Table 1. Average output error for all the cases.

	FFMPC	NFFMPC	PID (without Noise)	PID (with Noise)	Manual Control
Kappa number	0.1271	0.3804	0.9781	1.0229	6.1899

, in terms of the average output error, the performance of FFMPC was superior to other alternatives.

Based on these results, both FFMPC and NFFMPC structures provide improved tracking performance when compared to the current industrial control of a pulp digester, despite the addition of normally distributed white noise to the controlled output. The FFMPC performed better than the NFFMPC by utilizing additional information about the properties of the incoming wood chips. This approach could be even more useful for pulp digesters that need to swing between hard and soft woods alternatively. The average value of the MPC output error was equal to 0.1271 Kappa number, that is, much smaller than the current industrial control scheme (6.1899 Kappa number).

In reality, the set point for blow-line Kappa number usually stayed at a constant value. However, to evaluate the performance of the controllers, a step change in the Kappa number set point was also simulated. As shown in Figure 10, a step change in Kappa number set point was introduced at 28 h. All the controllers were able to follow the set point change acceptably without unusual overshoots.

7. Conclusions

A FFMPC approach for Kappa number control of a continuous pulp digester was investigated in this paper. The distinguishing feature of this approach was the use of online lignin measurement as a feedforward signal. Here, the lignin content of the wood chips at the digester inlet was measured online using near infrared spectroscopy.
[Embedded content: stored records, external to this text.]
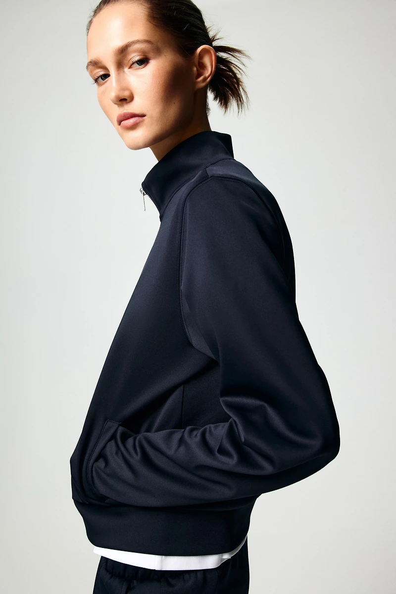 Veste de survêtement courte en jersey épais à l'aspect légèrement satiné. Modèle à col droit et fermeture éclair devant. Poche raglan de chaque côté.
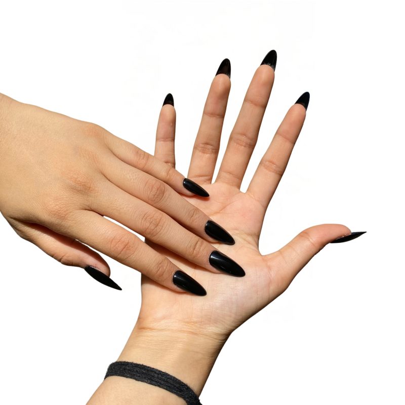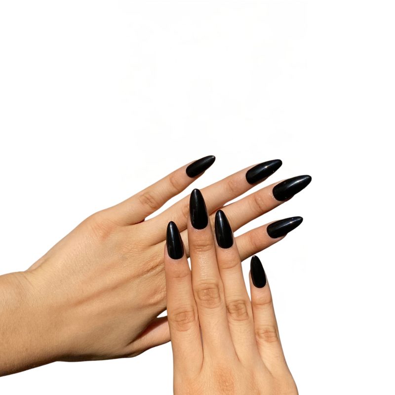 SKU: N/A Category: 24k Glam Tags: black nails, long almond nails, long black nails, plain black nails, plain nails, Rouge
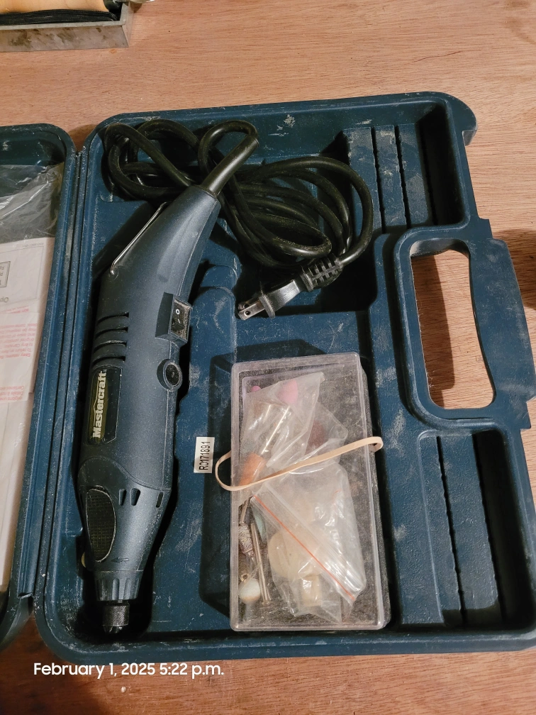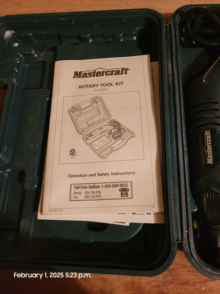 Used Mastercraft rotary tool kit. Includes rotary tool, various attachments, and carrying case. Instruction manual included. Great for crafts and small projects.
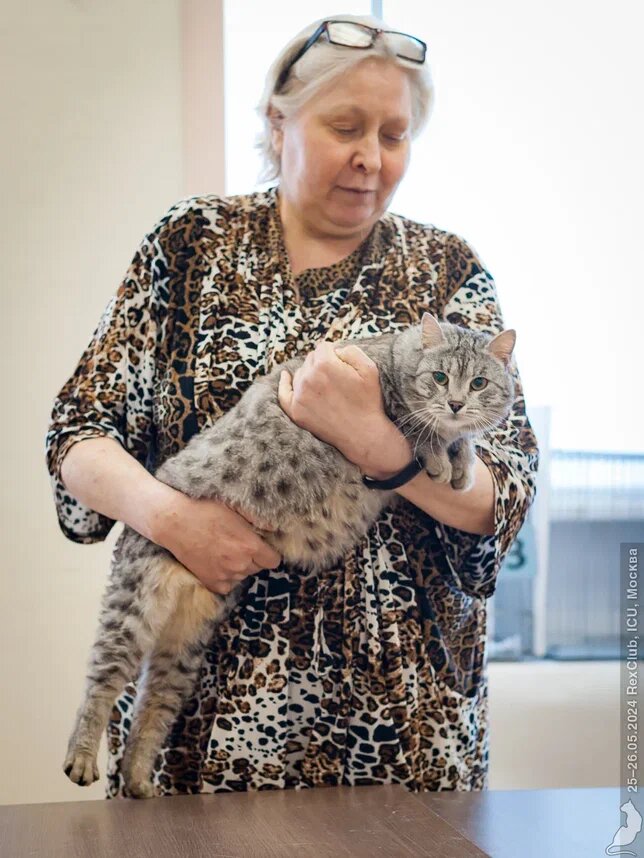 Показала свою любимку - уссурийскую кошку Раптор. Уссури - гибрид домашней кошки и амурского леопардового кота. Узнать о породе можно тут: Моя Раптор - добрейшая зверюшка, которая вообще не помнит о диких предках. Она добрейшая, нежнейшая и очень колоритная внешне: Дома - активная, подвижная, игривая. Толстопопая поскакушка с коротким и толстым хвостом. Нет, не беременная. Она стерильный кастрат и ласкуша. Нравится? Увы, больше в России уссури нет... На шоу, само-собой Раптор стала лучшей домашней кошкой выставки.
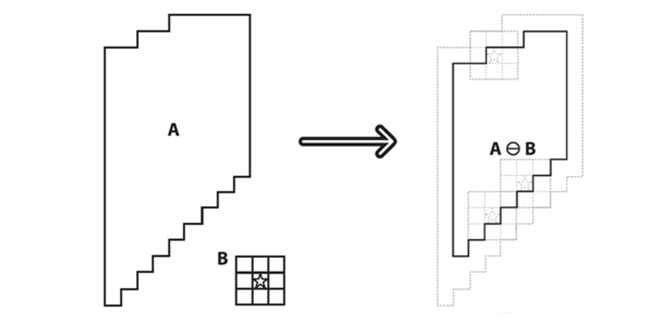 在數(shù)學(xué)形態(tài)學(xué)中,設(shè)A為(x,y)平面上一目標(biāo)區(qū)域,S為指定大小和形狀的結(jié)構(gòu)元素,定義位于坐標(biāo)(x,y)上的結(jié)構(gòu)元素S所標(biāo)識的區(qū)域為S(x,y),那么對于A的腐蝕結(jié)果可以表示為:腐蝕的原理:
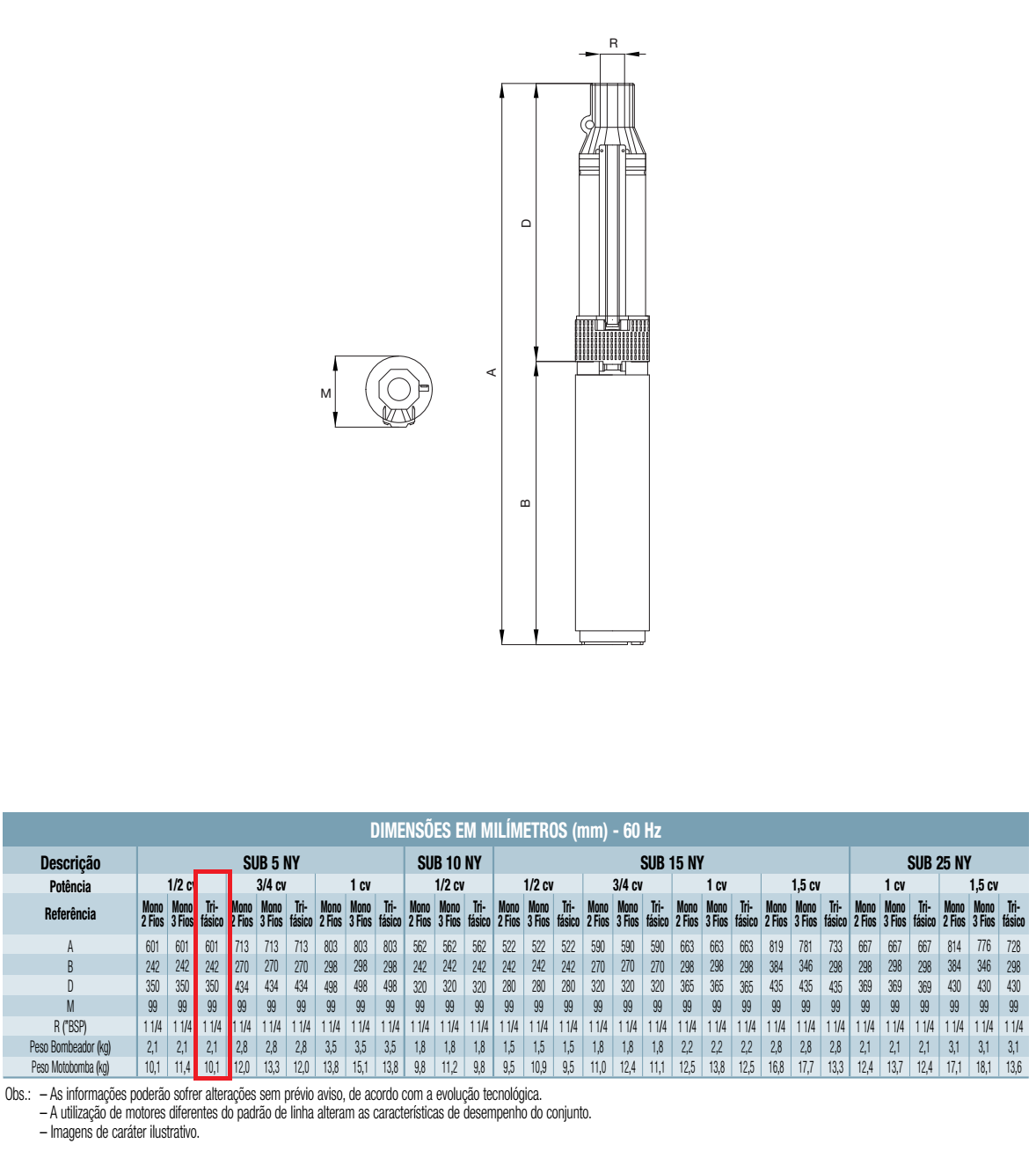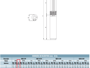 Motobomba Submersa 4″ SUB5-05NY4E8 1/2CV Trif. 230V

To achieve the aforementioned objective, a dynamic modeling library of a continuous pulp digester was developed in OpenModelica and validated against actual plant measurements. Both the steady state and dynamic response of the developed model were analyzed in detail. To develop the MPC, a state-space model from the validated dynamic model was identified using the subspace identification technique. To evaluate the controller performance, three different control approaches, i.e., FFMPC, NFFMPC and decentralized PID were investigated and compared against the current industrial control approach. Overall, the FFMPC approach provided a smoother response without major oscillations despite the presence of high-frequency output noise. Moreover, the FFMPC approach provided superior tracking performance with smaller average output error when compared with current industrial control and other control approaches. The modeling library developed in this work was sufficiently generic to accommodate modeling of different commercial digesters. This opens up the opportunities for pulp mills to implement MPC for problematic pulp digester control.